The log odds (logit) of the event occurring: \(\text{log odds} = \ln \frac{0.3}{0.7} = -0.85\)

The probability of the event (which we already knew) can be obtained using the logit using the inverse logit: \(\frac{\exp(\text{log odds})}{1 + \exp(\text{log odds})}\)

Adapted from this website.

summary(beetle.glm.fit)
## 
## Call:
## glm(formula = ANAT ~ Wood.density, family = "binomial", data = beetle)
## 
## Deviance Residuals: 
##     Min       1Q   Median       3Q      Max  
## -1.5141  -0.1748   0.1050   0.4717   2.0057  
## 
## Coefficients:
##              Estimate Std. Error z value Pr(>|z|)  
## (Intercept)    15.659      6.856   2.284   0.0224 *
## Wood.density  -52.632     23.838  -2.208   0.0272 *
## ---
## Signif. codes:  0 '***' 0.001 '**' 0.01 '*' 0.05 '.' 0.1 ' ' 1
## 
## (Dispersion parameter for binomial family taken to be 1)
## 
##     Null deviance: 31.755  on 23  degrees of freedom
## Residual deviance: 14.338  on 22  degrees of freedom
## AIC: 18.338
## 
## Number of Fisher Scoring iterations: 6

The relationship between the link function and the predictor, \(\log \left( \frac{p_i}{1 - p_i} \right) = \beta_0 + \beta_1 X_i\), is linear on the scale of logit units (see Aho example 9.28).

If the logistic model is fit without an intercept, the best fit line predicts \(p = 0.5\) when \(X = 0\). The intercept \(\hat{\beta_0}\) shifts the probability for \(X = 0\) up or down relative to 0.5. In logit units, the probability is shifted up (approximating 1) when \(X = 0\).

beetle.glm.fit$coefficients[1]  # logit units
## (Intercept) 
##     15.6586
inv.logit <- function(x) {
  exp(x) / (1 + exp(x))
}
inv.logit(beetle.glm.fit$coefficients[1])  # units of probability (but no longer linear)
## (Intercept) 
##   0.9999998

Since the parameters are linear on the scale of logit units, the logit (log odds) of beetle presence decreases by 52.6 given a 1 g/cm3 increase in wood density (decreases to almost 0 probability).

beetle.glm.fit$coefficients[2]  # logit units
## Wood.density 
##     -52.6317

Be aware that the significance of coefficients fit for GLMs is done using a Wald test, which relies on asymptotic (large-sample) estimates of standard errors of the coefficients. The Wald test uses a test statistic, \(z\), that is the parameter estimate divided by the estimated standard error of the parameter estimate, which is asymptotically standard normal under \(H_0 = 0\).

18.6 Fitting a GLM

To fit GLMs, we need another method besides ordinary least squares (which assumes data are normally distributed). We need to fit the parameters using maximum likelihood.

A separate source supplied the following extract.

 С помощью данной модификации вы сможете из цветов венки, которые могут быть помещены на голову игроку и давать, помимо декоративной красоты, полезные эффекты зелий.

We’ll use binomial data as an example. The likelihood for binomial data, where we have \(N\) data points \(Y = \{ Y_1, Y_2, ...,Y_N \}\), each a draw from \(\mathrm{Binomial}(n_i, p_i)\):

\[ \mathcal{L}(Y_i | p_i) = \prod^N_{i = 1} \frac{n_i !}{Y_i! (n_i - Y_i)!} p_i^{Y_i} (1 - p_i)^{n_i - Y_i} \] Note that I’ll use \(\mathcal{L}\) to represent likelihood and \(\ell\) to represent log-likelihood (as in Aho).

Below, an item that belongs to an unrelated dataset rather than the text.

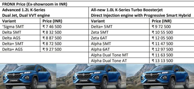 Maruti Suzuki Fronx 7.46 लाख रुपये की शुरुआती कीमत पर लॉन्च, जानिए सभी वेरिएंट की प्राइस, फीचर और खासियत

We can express \(p_i\) as a function of the model parameters by rearranging the model equation:

\[ \log \left( \frac{p_i}{1 - p_i} \right) = \beta_0 + \beta_1 X_i \]

\[ p_i = \frac{\exp(\beta_0 + \beta_1 X_i)}{1 + \exp (\beta_0 + \beta_1 X_i)} \] So, we can substitute this expression for \(p_i\) into the likelihood (after converting to negative log-likelihood), then we get the likelihood as a function of the model parameters \(\beta_0\) and \(\beta_1\), \(\text{NLL}(\beta_0, \beta_1 | X_i)\). We can solve for the maximum likelihood estimate (MLE) for \(\hat{\beta_0}\):

\[ \frac{\partial \text{NLL}}{\partial \beta_0} = 0 \rightarrow \hat{\beta_{0}} \] \[ \frac{\partial \text{NLL}}{\partial \beta_1} = 0 \rightarrow \hat{\beta_{1}} \]

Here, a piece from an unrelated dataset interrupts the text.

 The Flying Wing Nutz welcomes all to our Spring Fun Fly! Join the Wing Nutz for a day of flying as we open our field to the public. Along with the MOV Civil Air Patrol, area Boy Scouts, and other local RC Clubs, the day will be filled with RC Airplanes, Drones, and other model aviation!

These equations cannot be solved algebraically. They must be solved numerically, for example, using iteratively weighted least squares with optimizing algorithms. When you think about the computing power needed to fit GLMs (which is no big deal today), it makes sense why it was traditional to transform your data to become normally distributed rather than model your data as it exists using GLM.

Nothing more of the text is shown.